You should also consider taking a look at the source code for some popular 3rd party libraries. They'll vary in quality, but might be worth examining. Here's a list to help you get started.
There are many implementations of Python, such as CPython, IronPython, PyPy, Jython. The most commonly used Python is CPython. Its source code can by found at hg.python.org.
Your installation also contains source code. For example, to find the source code associate with the collections module, type the following in an interactive session:
>>> import collections
>>> collections
<module 'collections' from '/usr/lib/python2.7/collections.pyc'>
Thus you would look in '/usr/lib/python2.7/collections.py' for the source code associated with the collections module. (Note that you should remove the c in pyc from the path. The .py file is Python source code, the .pyc is byte code.)
A clean way to read this code is in the Python Mercurial repository, or in the Git mirror. (I personally find the Git mirror easier to use, but both are equally good for learning the code.)
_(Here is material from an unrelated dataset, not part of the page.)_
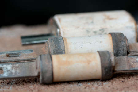 Old electric power supply boxes. Industrial background. Overloaded electrical circuit causing fuse to break. Electricity short circuit, Electrical failure resulting in electricity wire burnt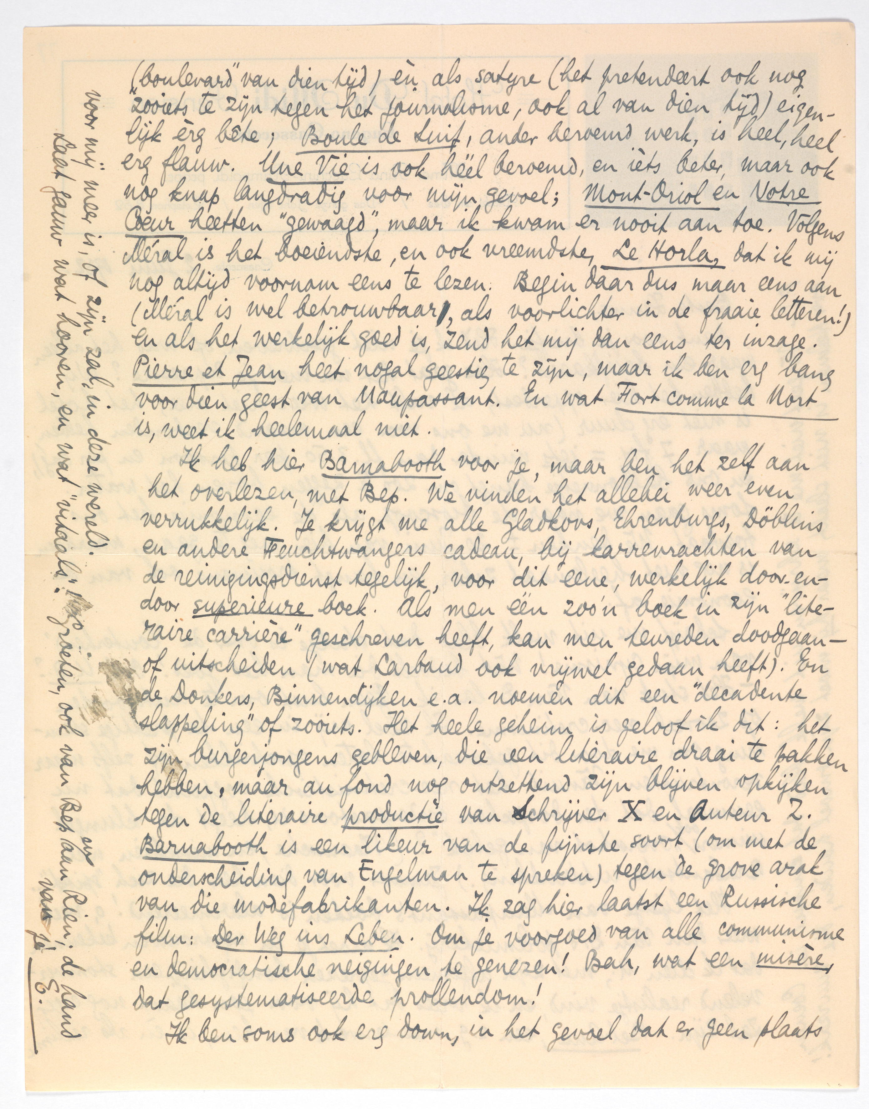 Het lijstje van Maupassant's boeken is alarmeerend! o, veel meer dan Van D.'s polemiekerij. Ik moet je in vertrouwen bekennen dat ik dien M., met zijn algemeen geprezen bondigheid, een stomvervelend realistje vind, en ik vrees dat hij voor jou haast nog erger zal zijn. Bel-Ami, een z.g. meesterwerk van hem, is èn als realisme (‘boulevard’ van dien tijd) èn als satyre (het pretendeert ook nog zooiets te zijn tegen het journalisme, ook al van dien tijd) eigenlijk èrg bête; Boule de Suif, ander beroemd werk, is heel, heel erg flauw. Une Vie is ook héél beroemd, en iéts beter, maar ook nog knap langdradig voor mijn gevoel; Mont-Oriol en Notre Coeur heetten ‘gewaagd’, maar ik kwam er nooit aan toe. Volgens Méral is het boeiendste, en ook vreemdste, Le Horla, dat ik mij nog altijd voornam eens te lezen. Begin daar dus maar eens aan (Méral is wel betrouwbaar, als voorlichter in de fraaie letteren!) en als het werkelijk goed is, zend het mij dan eens ter inzage. Pierre et Jean heet nogal geestig te zijn, maar ik ben erg bang voor dien geest van Maupassant. En wat Fort comme la Mort is, weet ik heelemaal niet.

The Git repository is at https://github.com/python/cpython/tree/2.7
The Mercurial repository is at http://hg.python.org/cpython (click "branches", then click "2.7", then click "browse")
In both of these repositories, the Lib folder is the Python standard library.
Related
I wanted to try and look up the source of some of the modules in the Python standard library, but wasn't able to find them. I tried looking in the modules directory after downloading the python tarball, but it has mainly .c files. I also tried looking at the directory where the python that already comes with the OS (mac osx) has it's modules, and there it seems to have mainly .pyc and .pyo files. Would really appreciate it if someone can help me out.
(I tried what was suggested in the question How do I find the location of Python module sources? with no luck)
In cpython, many modules are implemented in C, and not in Python. You can find those in Modules/, whereas the pure Python ones reside in Lib/.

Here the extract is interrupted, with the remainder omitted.